Современная классификационная система позволяет точно стратифицировать пациентов в соответствии с тяжестью заболевания и потребностью в немедленном терапевтическом вмешательстве. Выделяют:

• вялотекущую (бессимптомную, тлеющую) множественную миелому — отсутствуют критерии органного поражения CRAB или биомаркеры высокого риска SLiM (см. раздел «Критерии множественной миеломы (критерии SLiM-CRAB)»). Риск прогрессирования в активную форму заболевания у таких пациентов составляет около 10% в год в первые 5 лет после установления диагноза;
• активную множественную миелому — наиболее тяжелую форму заболевания, требующую немедленного терапевтического вмешательства. Диагноз активной миеломы устанавливается при наличии критериев органного поражения CRAB (гиперкальциемия, почечная недостаточность, анемия, костные поражения), а также биомаркеров высокого риска SLiM.

Клинические проявления

Симптоматика множественной миеломы многообразна и обусловлена инфильтрацией костного мозга плазматическими клетками, разрушением костной ткани, а также последствиями избыточной продукции моноклональных иммуноглобулинов:

• костные поражения — диагностируют у 70–80% пациентов на момент установления диагноза. Нормальная костная ткань замещается растущей плазмоцитарной опухолью. Дополнительно повреждение костей усугубляется воздействием цитокинов, выделяемых злокачественными плазматическими клетками. Цитокины активируют остеокласты, подавляют остеобласты, что приводит к усиленной резорбции костной массы. Остеолитические изменения, как правило, множественные, однако в отдельных случаях формируются солитарные интрамедуллярные образования. Боль в позвоночнике (особенно в поясничном отделе), костях таза и ребрах, реже в черепе и длинных костях конечностей являются наиболее частой жалобой при обращении за медицинской помощью. Патологические переломы развиваются спонтанно или при минимальной травме. Остеолитические изменения в позвонках часто осложняются компрессией спинного мозга;
• почечная недостаточность — возможные проявления включают изменение диуреза, отеки, тошноту, рвоту, снижение аппетита, усталость, слабость, кожный зуд, изменение цвета и запаха мочи, высокое артериальное давление, спутанность сознания и др.;
• неврологические нарушения — развиваются при сдавлении или повреждении спинного мозга, его корешков или черепных нервов.

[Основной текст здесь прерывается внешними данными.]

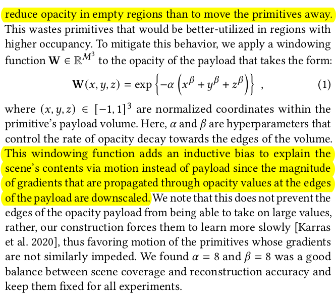 그리고 각 vp가 전체 volume 내에 동일한 값을 갖도록 설정한다면 vp가 조금만 넘어가서 특정 ray에서 쓸모 없다고 판정되면, 다른 ray에서는 쓸모가 있어도 opacity가 낮아질 가능성이 있음. 즉 edge에서 어떤 ray에 걸리냐 안걸리냐 때문에 gradient가 불안정해짐. 따라서 vp 내 voxel마다 가중치 필터를 씌운다. -> gaussian filter 곱해서 scaling하는 것과 같음 -> 사실 3DGS 와 같아지는 컨셉. -> 이게 정말 똑같은 것 같다. |
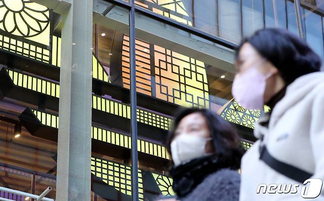 (서울=뉴스1) 장수영 기자 = 23일 서울 중구 명동에 위치한 아디다스 매장 앞으로 시민들이 지나가고 있다.
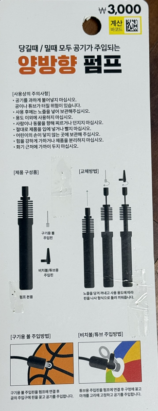 저는 그동안 체육관 갈 때마다 구비된 압축기로 공에 바람을 넣었는데, 매번 번거롭기도 하고 공이 집에 있을 때는 불편했습니다. 그래서 이번에 다이소에서 3,000원짜리 양방향 펌프를 구입해 직접 바람을 넣어봤습니다.
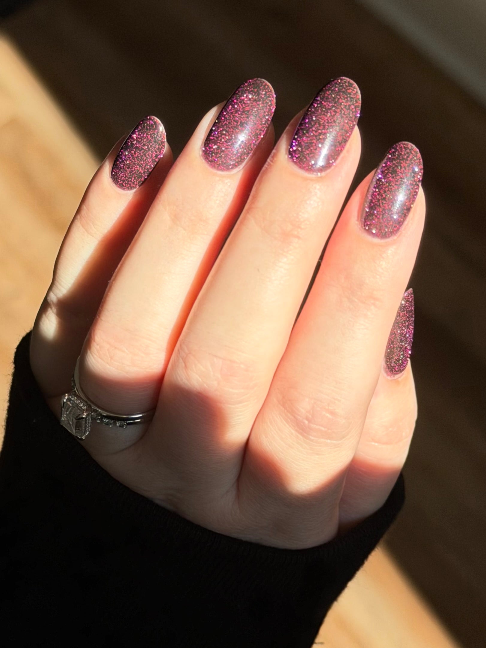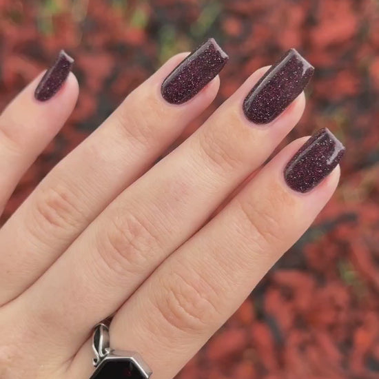 Black Dahlia is a soft black base packed with hot pink reflective glitter. A smoothing top coat is recommended for this polish.
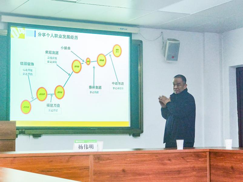 为进一步夯实耕读教育工作品牌,11月21日下午,园艺学院在园艺楼214举办“耕读学堂”首场讲座沙龙活动。本期讲座沙龙活动以“对话校友,共促成长”为主题,邀请2003届园艺专业优秀校友、中国海洋(厦门)市政工程发展有限公司常务副总经理杨伟明先生担任主讲嘉宾,学院党委副书记康恩慧、副院长钟凤林、辅导员及本科生40多人参加交流活动。

Неврологические нарушения проявляются радикулопатией, парезами, параличами конечностей, недержанием мочи или кала, сенсорной или сенсомоторной периферической нейропатией. Последняя чаще всего фиксируется у пациентов с амилоидозом легких цепей иммуноглобулинов, POEMS-синдромом или у тех, кто принимает нейротоксические лекарственные средства (талидомид, бортезомиб и др.);
• анемический синдром (диагностируют в около 70% случаев) — анемия развивается вследствие подавления нормального кроветворения инфильтрирующими плазматическими клетками. Пациента беспокоят слабость, утомляемость, одышка;
• гиперкальциемия и ее последствия — проявляются в виде обезвоживания, усталости, слабости, нарушения пищеварения, аритмии, психических расстройств;
• повторные инфекции — развиваются вследствие иммуносупрессии, обусловленной подавлением продукции нормальных иммуноглобулинов. Возможны частые бактериальные инфекции дыхательной и мочевой систем, а также вирусные инфекции (грипп, опоясывающий герпес и др.);
• синдром повышенной вязкости — его проявления: частые носовые кровотечения, кровоточивость десен, нарушение зрения, головная боль, внезапная глухота, головокружение, атаксия, нистагм и др.;
• редкие проявления — экстрамедуллярные плазмоцитомы, симптомы AL-амилоидоза, увеличение печени, лимфатических узлов и селезенки, синдром де Тони — Дебре — Фанкони.

Диагностика

Базовые компоненты диагностического алгоритма (детальный сбор анамнестических данных и всестороннее физическое обследование больного) позволяют врачу получить первичное представление о клинической картине заболевания и определить дальнейшую тактику обследования. Основные клинические проявления, которые должны насторожить врача в отношении возможной множественной миеломы:

• необъяснимая боль в костях, особенно в позвоночнике, ребрах и тазу, патологические переломы при минимальной травме;
• анемия невыясненного генеза;
• рецидивирующие инфекции;
• симптомы почечной недостаточности;
• гиперкальциемия.

Лабораторная диагностика

Для дифференциальной диагностики между симптоматической и бессимптомной формами множественной миеломы выполняют широкий спектр лабораторных исследований. Общие анализы:

• общий анализ крови (ОАК) с лейкоцитарной формулой и подсчетом количества тромбоцитов — часто выявляется анемия, которая может быть первым признаком заболевания. Характерно развитие нормоцитарной нормохромной анемии, связанной с подавлением нормального гемопоэза и нарушением продукции эритропоэтина. Также могут отмечаться тромбоцитопения и лейкопения в результате инфильтрации костного мозга опухолевыми клетками;
• исследование мазка периферической крови — аномальное распределение эритроцитов с формированием так называемых монетных столбиков, что непосредственно связано с патологически повышенным содержанием белковых компонентов в сыворотке крови;
• азот мочевины в плазме крови;
• сывороточный креатинин — повышение уровня креатинина может указывать на миеломную нефропатию, которая развивается вследствие отложения легких цепей иммуноглобулинов в почках;
• клиренс креатинина (расчетный или непосредственно измеренный);
• электролиты в плазме крови;
• печеночные пробы;
• кальций в плазме крови — гиперкальциемия является одним из классических проявлений множественной миеломы, связанных с повышенной костной резорбцией;
• альбумин — концентрация альбумина отражает синтетическую функцию печени и общее состояние белкового обмена в организме;
• лактатдегидрогеназа (ЛДГ) и бета-2-микроглобулин — маркеры метаболической активности и пролиферативного потенциала опухолевых клеток.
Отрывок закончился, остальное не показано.